Leave the pictures in the listing below aside and reproduce exactly the lines starting with the one with "附属一院诗歌演讲会现场护士子女为父母献花" and going on through the one with "我想用DAC来实现LDO输出", both ends included.

──────── Task material ────────

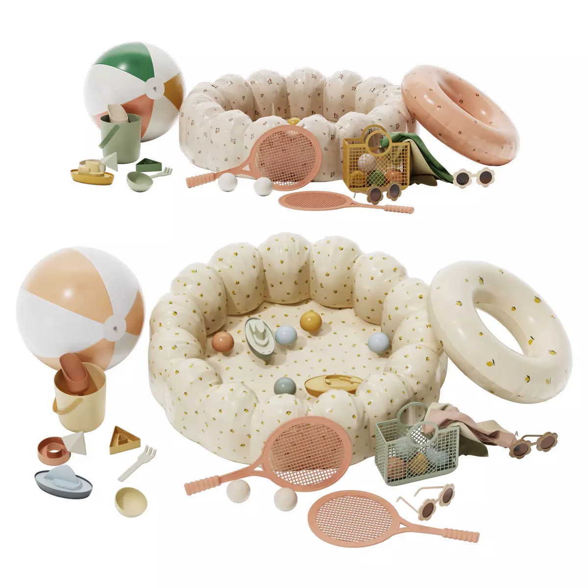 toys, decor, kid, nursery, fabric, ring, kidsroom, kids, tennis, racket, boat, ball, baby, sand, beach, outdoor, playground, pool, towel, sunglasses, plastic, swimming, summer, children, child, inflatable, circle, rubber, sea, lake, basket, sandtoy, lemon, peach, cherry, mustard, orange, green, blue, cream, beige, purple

────────
──────── Task material ────────

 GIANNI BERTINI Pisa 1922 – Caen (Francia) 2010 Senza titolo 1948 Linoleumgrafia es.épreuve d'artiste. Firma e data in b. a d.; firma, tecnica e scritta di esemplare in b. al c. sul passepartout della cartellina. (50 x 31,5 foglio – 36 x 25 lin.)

────────
──────── Task material ────────

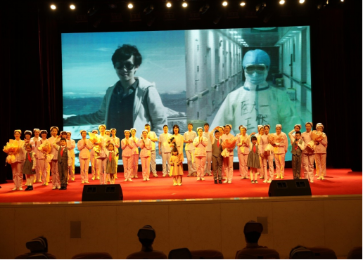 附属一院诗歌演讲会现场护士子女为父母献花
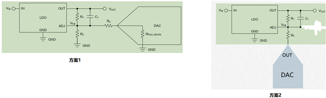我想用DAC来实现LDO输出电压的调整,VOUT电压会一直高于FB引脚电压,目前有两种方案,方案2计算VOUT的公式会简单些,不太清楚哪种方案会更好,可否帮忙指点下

────────

◆ **Finished task**:
 附属一院诗歌演讲会现场护士子女为父母献花
我想用DAC来实现LDO输出电压的调整,VOUT电压会一直高于FB引脚电压,目前有两种方案,方案2计算VOUT的公式会简单些,不太清楚哪种方案会更好,可否帮忙指点下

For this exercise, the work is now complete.